Only about 3 percent  of the founders of high-impact, high-tech companies are foreigners (about 60 out of 2034).   97 percent are US citizens, and specifically 87 percent are US-born, while 10 percent are naturalized US citizens.    Furthermore, most foreign-born founders lived in the US for decades.  These founders are statistically very similar to the average US population in terms of birth and immigration status.

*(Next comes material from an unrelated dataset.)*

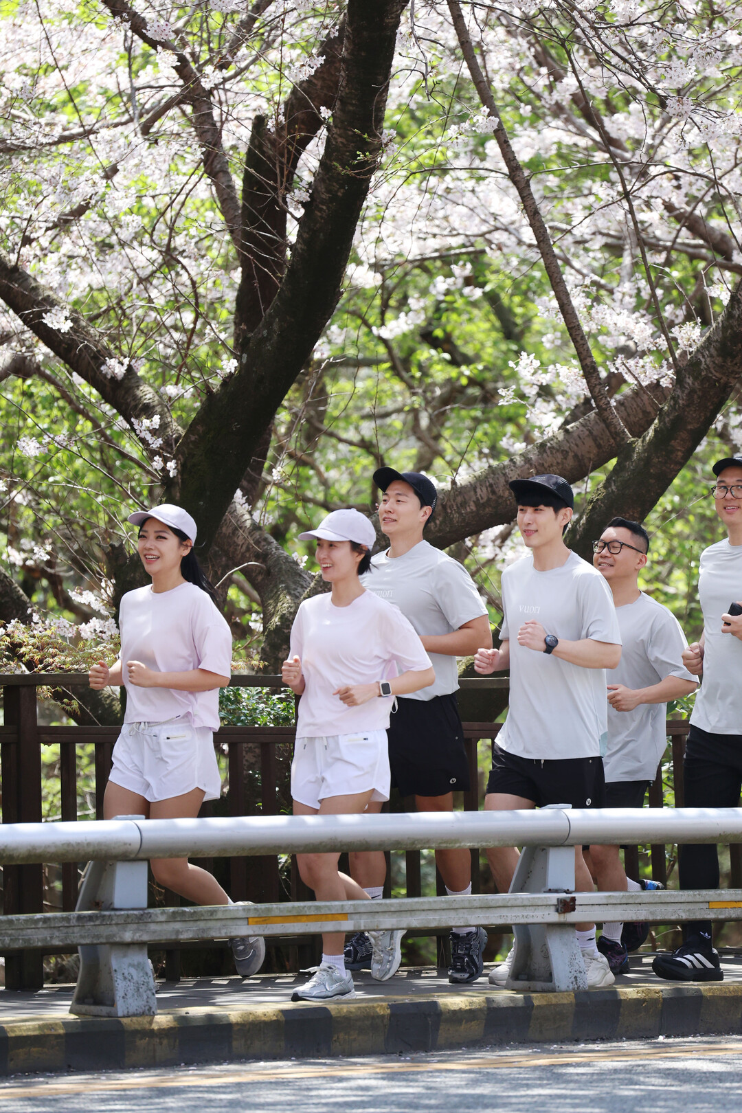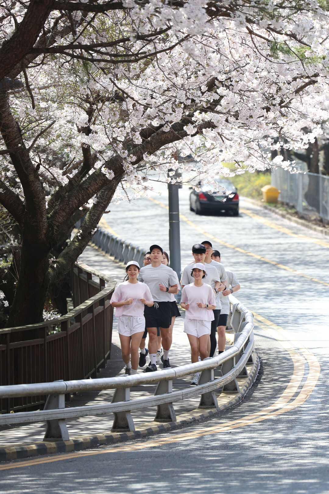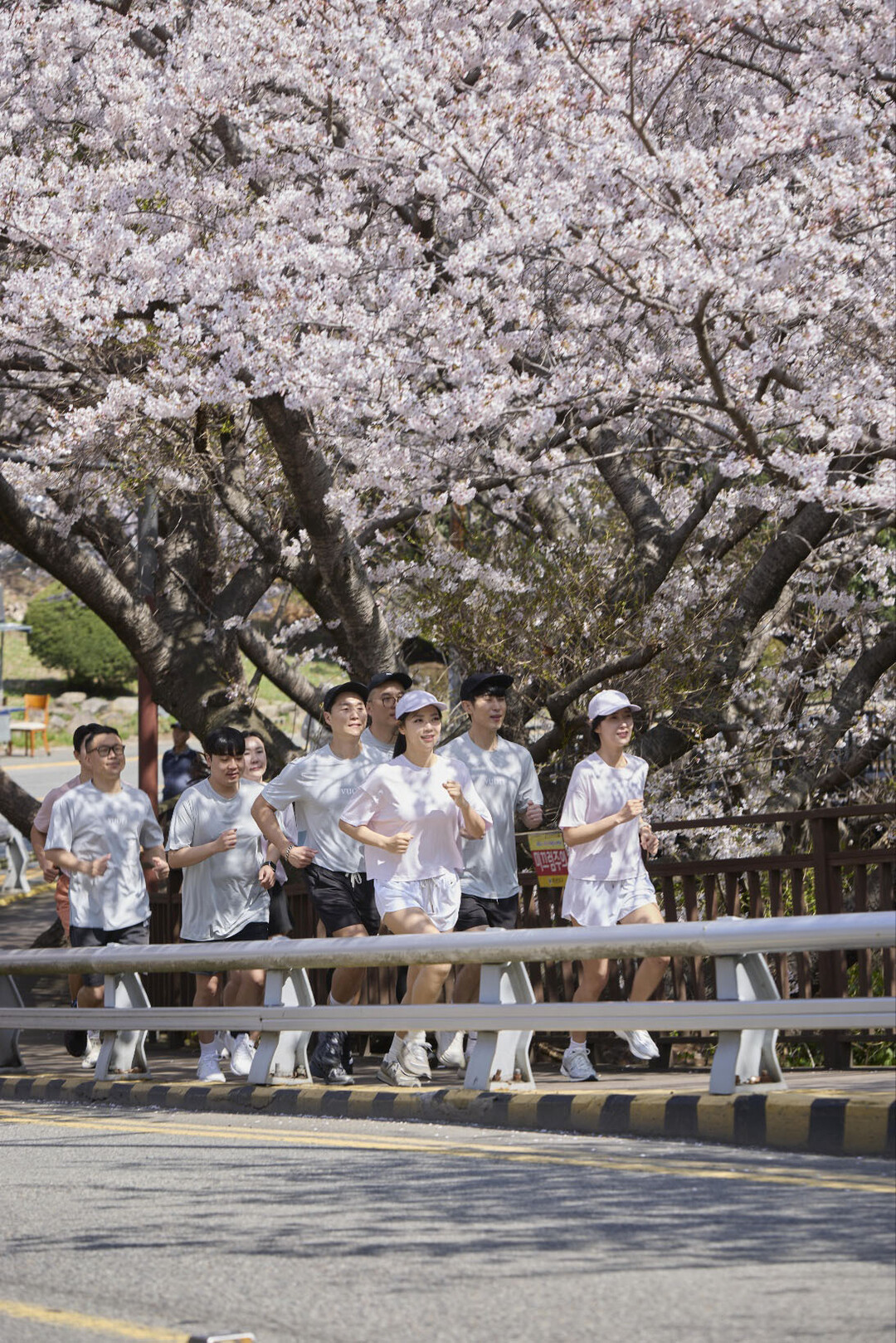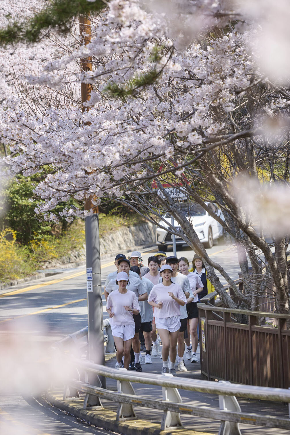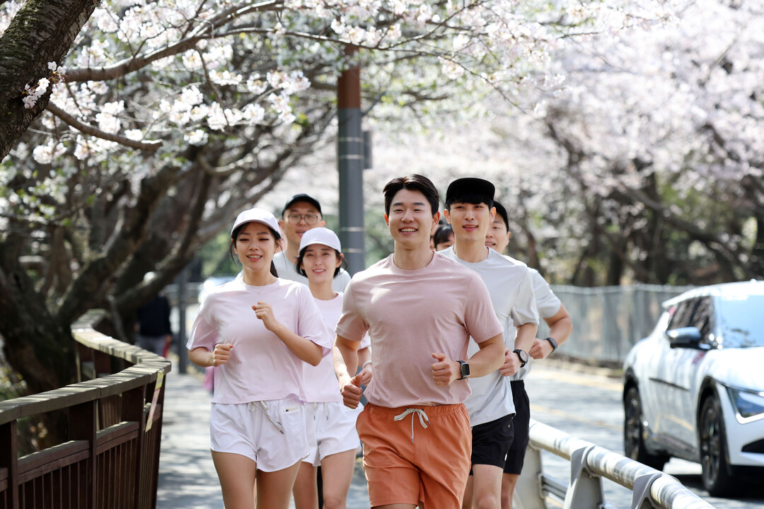 러닝 이벤트 참가자들이 파라다이스 호텔 부산 야외 가든에서 준비 운동을 마친 후 해운대 해변가와 벚꽃이 핀 달맞이길을 따라 뛰고 있다.

What’s the evidence? The study is by David M. Hart, Zoltan J. Acs, and Spencer L. Tracy, Jr.High-tech Immigrant Entrepreneurship in the United States A summary of their report is at http://www.sba.gov/advo/research/rs349.pdf

Here’s the odd part: the authors draw a rather different conclusion from their data than I do. Specifically their lead is “The central finding of the study is that about 16% of the nationally representative sample of high-impact, high-tech businesses that we surveyed count at least one foreign-born person among their founding team.” And indeed, their data does say this. But they failed to make a comparison to the US population in general. And classifying as “immigrant founded” a firm with any foreign-born founders is inherently biasing the results toward a higher number. They report that “of the 205 Immigrant Founded Companies in the sample, more than half [ie. at least 8% of the firms in the sample] were founded only by foreign-born entrepreneurs,” which seems to me more informative than the 16% number.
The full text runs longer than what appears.